Answer
$y = -3x+1~~$ is the slant asymptote.
Work Step by Step
$y = \frac{-6x^4+2x^3+3}{2x^3-x}$
We can express $-6x^4+2x^3+3$ in terms of $2x^3-x$:
$-6x^4+2x^3+3 = (2x^3-x)(-3x+1)+(-3x^2+x+3)$
Then:
$\frac{-6x^4+2x^3+3}{2x^3-x} = (-3x+1)+\frac{-3x^2+x+3}{2x^3-x}$
We can see that $~~y = -3x+1~~$ is a good candidate for the slant asymptote.
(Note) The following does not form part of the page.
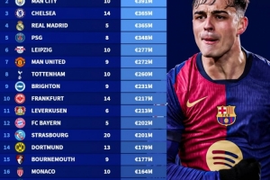 五大联赛队内U23球员身价榜:巴萨6.15亿欧高居榜首,曼城次席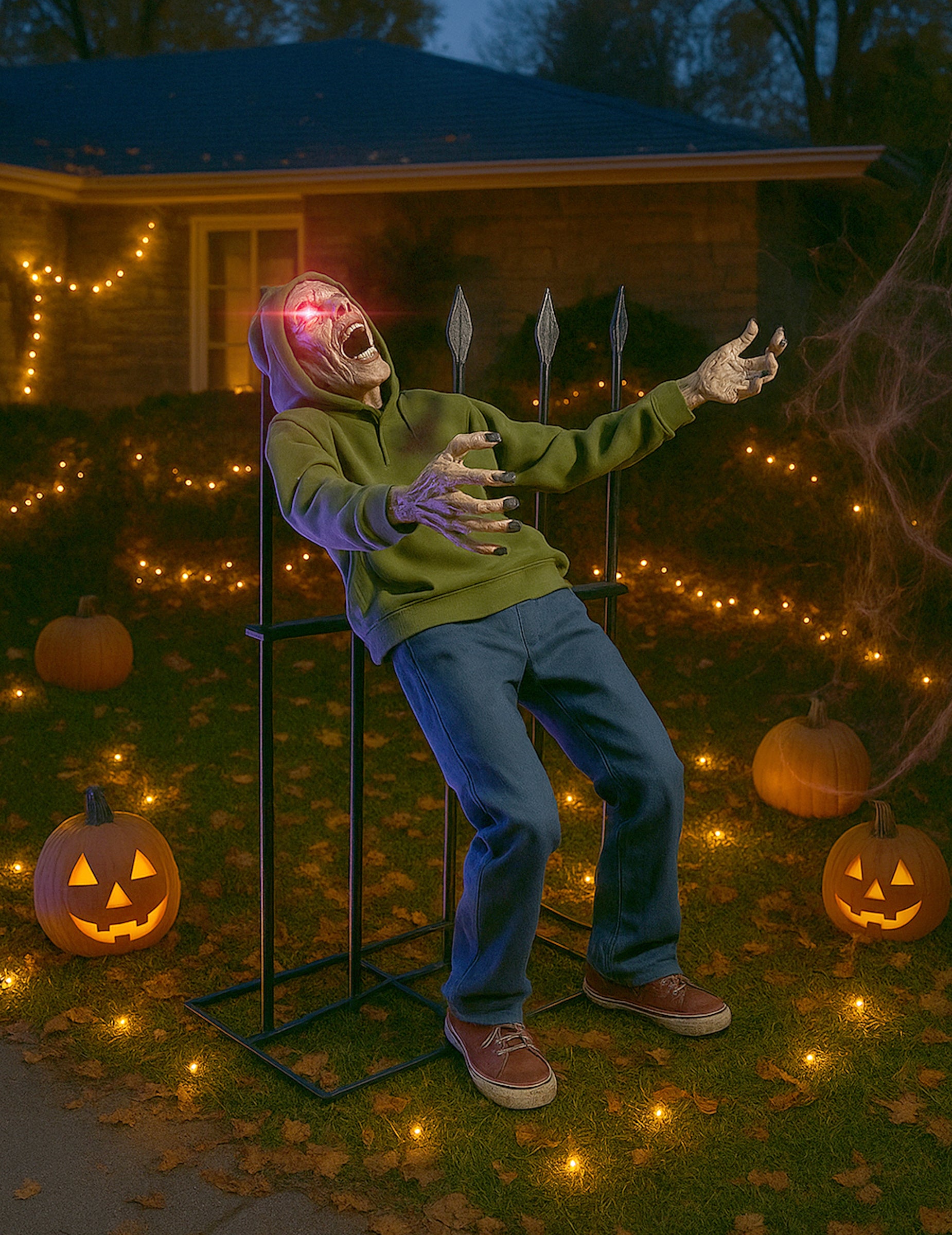 Beépített fényekkel és dermesztő hangeffektekkel felszerelve ez a dekoráció életre kelti a valósághű rémálmot. Könnyen felállítható beltéren vagy fedett kültéren, így garantáltan az ijesztő bulik fénypontja lesz.

We can evaluate the limit as $x \to -\infty$:
$\lim\limits_{x \to -\infty} [\frac{-6x^4+2x^3+3}{2x^3-x}-(-3x+1)]$
$= \lim\limits_{x \to -\infty} [\frac{-6x^4+2x^3+3}{2x^3-x}-\frac{(-3x+1)(2x^3-x)}{2x^3-x}]$
$= \lim\limits_{x \to -\infty} (\frac{-6x^4+2x^3+3}{2x^3-x}-\frac{-6x^4+2x^3+3x^2-x}{2x^3-x})$
$= \lim\limits_{x \to -\infty} \frac{-3x^2+x+3}{2x^3-x}$
$= \lim\limits_{x \to -\infty} \frac{-3x^2/x^3+x/x^3+3/x^3}{2x^3/x^3-x/x^3}$
$= \lim\limits_{x \to -\infty} \frac{-3/x+1/x^2+3/x^3}{2-1/x^2}$
$= \frac{0+0+0}{2-0}$
$= 0$
We can evaluate the limit as $x \to \infty$:
$\lim\limits_{x \to \infty} [\frac{-6x^4+2x^3+3}{2x^3-x}-(-3x+1)]$
$= \lim\limits_{x \to \infty} [\frac{-6x^4+2x^3+3}{2x^3-x}-\frac{(-3x+1)(2x^3-x)}{2x^3-x}]$
$= \lim\limits_{x \to \infty} (\frac{-6x^4+2x^3+3}{2x^3-x}-\frac{-6x^4+2x^3+3x^2-x}{2x^3-x})$
$= \lim\limits_{x \to \infty} \frac{-3x^2+x+3}{2x^3-x}$
$= \lim\limits_{x \to \infty} \frac{-3x^2/x^3+x/x^3+3/x^3}{2x^3/x^3-x/x^3}$
$= \lim\limits_{x \to \infty} \frac{-3/x+1/x^2+3/x^3}{2-1/x^2}$
$= \frac{0+0+0}{2-0}$
$= 0$
Therefore, $~~y = -3x+1~~$ is the slant asymptote.